Medizin: Mehr Geburten – in weniger Kliniken

03.03.2020

Im Nordwesten Im Klinikum Oldenburg kamen im vergangenen Jahr erstmals mehr als 2000 Babys zur Welt. Mit 2014 lag die Zahl um 172 über der des Vorjahres. Ähnlich sieht es im St. Marien Hospital Vechta (1578, plus 94) und in anderen Häusern im Nordwesten aus.

Grund für den teils starken Zuspruch ist zum einen, dass die Zahl der Neugeborenen in den vergangenen Jahren gestiegen ist. Zum anderen wirkt sich der Wegfall mehrerer Geburtsstationen im Nordwesten aus. Vor einem Jahr schlossen die Geburtshilfen im katholischen Pius Hospital in Oldenburg, im Krankenhaus Wittmund und die in der Helios-Klinik in Nordenham.

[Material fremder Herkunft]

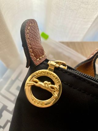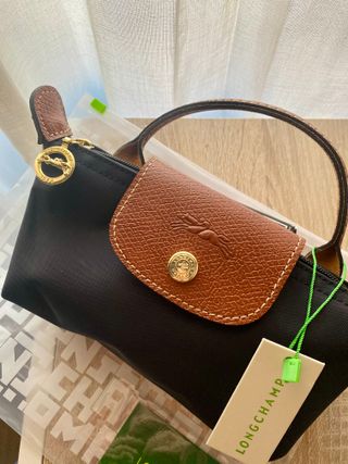 Bolso mini de la marca Longchamp. - Color negro con detalles en marrón. - Asa corta. - Incluye correa larga. - Cierre de cremallera. - Solapa con botón a presión.

Zudem gab es Engpässe in weiteren Häusern. Die Geburtshilfe des Josef Hospitals in Delmenhorst stand wegen interner Probleme im vergangenen Jahr nur mit Einschränkungen zur Verfügung. Weil es an Hebammen fehlt, musste das Emder Klinikum seinen Kreißsaal zeitweise schließen.

Allen Kliniken gemeinsam ist der Nachwuchsmangel. Hebammen werden dringend gesucht; zahlreiche Häuser können freie Stellen nicht oder erst verspätet besetzen.

Erster Jahrgang startet

Die Hoffnung der Verantwortlichen ruht auf der Akademisierung des Hebammenberufes. Im August beginnt an der Jade Hochschule in Oldenburg der erste Jahrgang. 35 Plätze stehen für angehende Hebammen – auch Männer können sich bewerben – zur Verfügung. Oldenburg ist damit – neben Hannover, Göttingen und Osnabrück – einer von vier Standorten in Niedersachsen. Die Hochschule entwickle derzeit ein Curriculum für Hebammenwissenschaft, berichtet Präsident Prof. Dr. Manfred Weisensee. Wo genau die Hochschule die angehenden Hebammen unterbringt, ist noch offen. Das Ministerium habe genehmigt, Räumlichkeiten explizit für diesen Studiengang anzumieten, so Weisensee. Mittelfristig ist geplant, die ehemalige Feuerwache an der Ecke Auguststraße/Ofener Straße in Oldenburg umzubauen und die Hebammen dort auszubilden.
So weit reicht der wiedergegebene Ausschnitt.